L’andamento climatico stagionale acquisisce un ruolo decisivo per la maggiore o minore comparsa della clorosi ferrica. Si può ad esempio verificare la combinazione di un germogliamento regolare in primavera, seguito da un periodo di prolungata piovosità, confluente, a sua volta, nell’arrivo dell’alta temperatura propria della primavera avanzata. In questo caso, si rileva che il terreno saturo d’acqua non è favorevole all’intensa attività radicale che la pianta richiede nel momento in cui i germogli si accrescono rapidamente. Il prevedere la sofferenza è pertanto facile, sapendo che le piante, per la loro fenologia e le caratteristiche della stagione che si evolve verso l’estate, saranno sollecitate a ritmi di crescita elevati.

La coltivazione

Le pratiche colturali, che si effettuano in questo periodo, sono in grado di influenzare l’intensità dei sintomi. Essendo il problema a livello del terreno, a quest’ultimo bisogna indirizzare le maggiori attenzioni. Un elemento, che concorre in forte misura, è il non corretto funzionamento degli apparati radicali dovuto alla limitata disponibilità d’ossigeno. Le caratteristiche fisiche del suolo definiscono dette proprietà. Un terreno ricco di limo e sabbia, ad esempio, tende a trattenere l’acqua per tempi maggiori rispetto a uno più argilloso.

Quest’ultimo, infatti, essendo dotato di una certa plasticità, asciugandosi tende a fessurarsi permettendo all’acqua anche non superficiale di disperdersi.

Nei terreni argillosi è opportuno non ostacolare questa proprietà positiva con lavorazioni errate superficiali. La gestione della crescita esuberante dell’erba in primavera può essere risolta praticando l’inerbimento controllato. Nel caso dei suoli ricchi di limo e sabbia fine, le scelte sono più complesse. L’inerbimento non è in essi sempre consigliato, poiché, nel corso dell’estate, possono esservi maggiori casi di concorrenza idrica. La lavorazione come la zappatura è sicuramente negativa, essendo il terreno sempre troppo dotato d’acqua. Può essere invece valutata l’opportunità di rompere il terreno ad una certa profondità con gli erpici, con la consapevolezza che tale pratica comporta non pochi rischi. La migliore prevenzione è certamente consentire agli apparati radicali delle piante giovani di svilupparsi nel modo migliore, in funzione degli elementi selettivi presenti nel sottosuolo, che spontaneamente definiranno negli anni le migliori zone di sviluppo per le radici. La corretta gestione colturale nei primi cinque anni di vita del vigneto è pertanto un altro fattore molto importante.

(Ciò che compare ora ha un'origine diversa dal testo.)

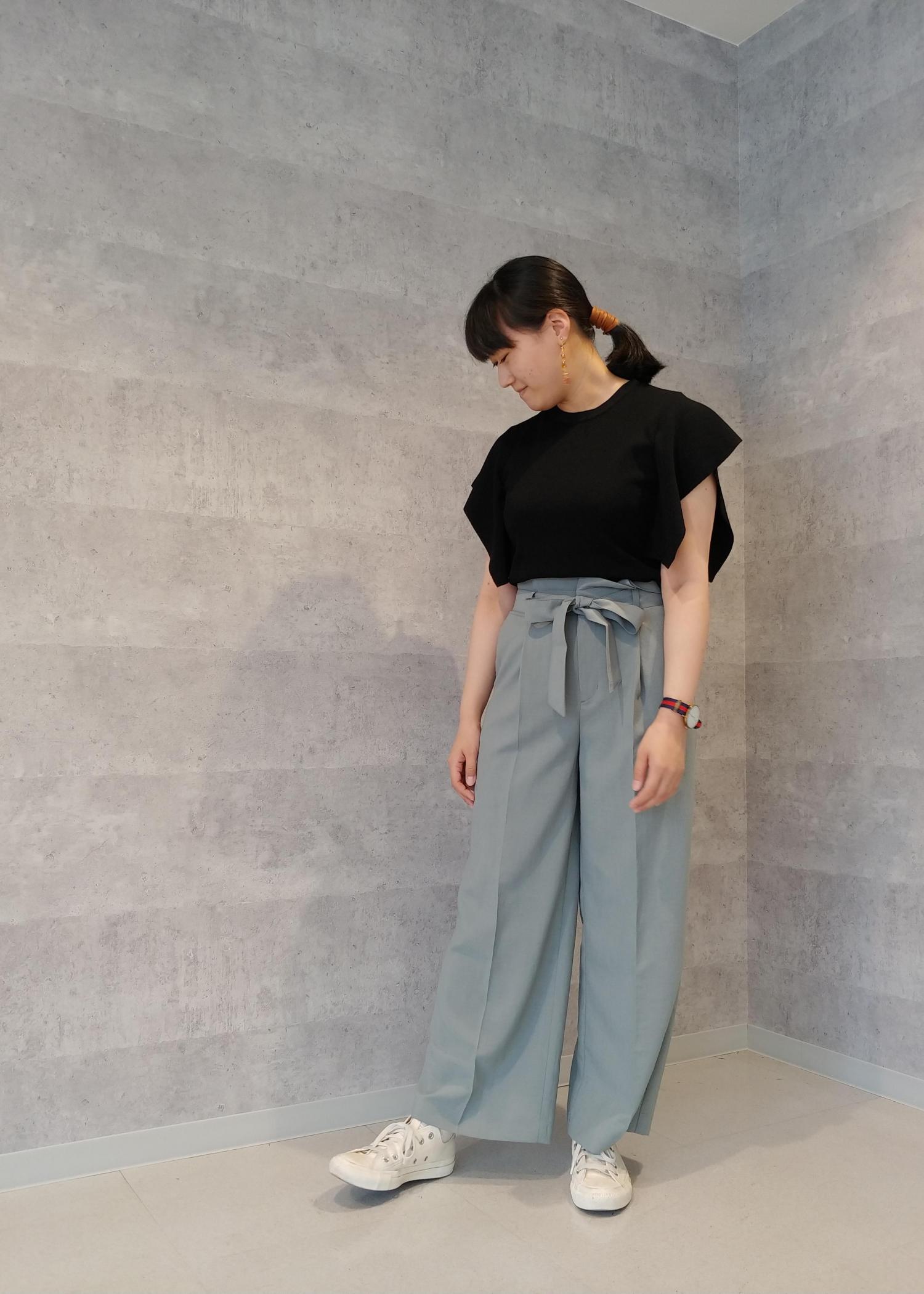 ワイドパンツにトップスはすっきりとしたトップスでバランス良く着こなしてみました。ブラックを選ぶことで、大人っぽさも出してみました。

Il ricorso alla distribuzione di nutrimenti per via fogliare è un’ulteriore possibilità. Questa deve però essere fatta nel modo più opportuno, vale a dire quando le piante non sono ancora in patimento e quindi sono in grado di assimilare le sostanze date traendo da esse beneficio. La distribuzione di ferro al terreno è, infine, anch’essa corretta, sebbene di più difficile applicazione, potendo la sua azione essere vanificata dalle condizioni non ottimali del suolo stesso.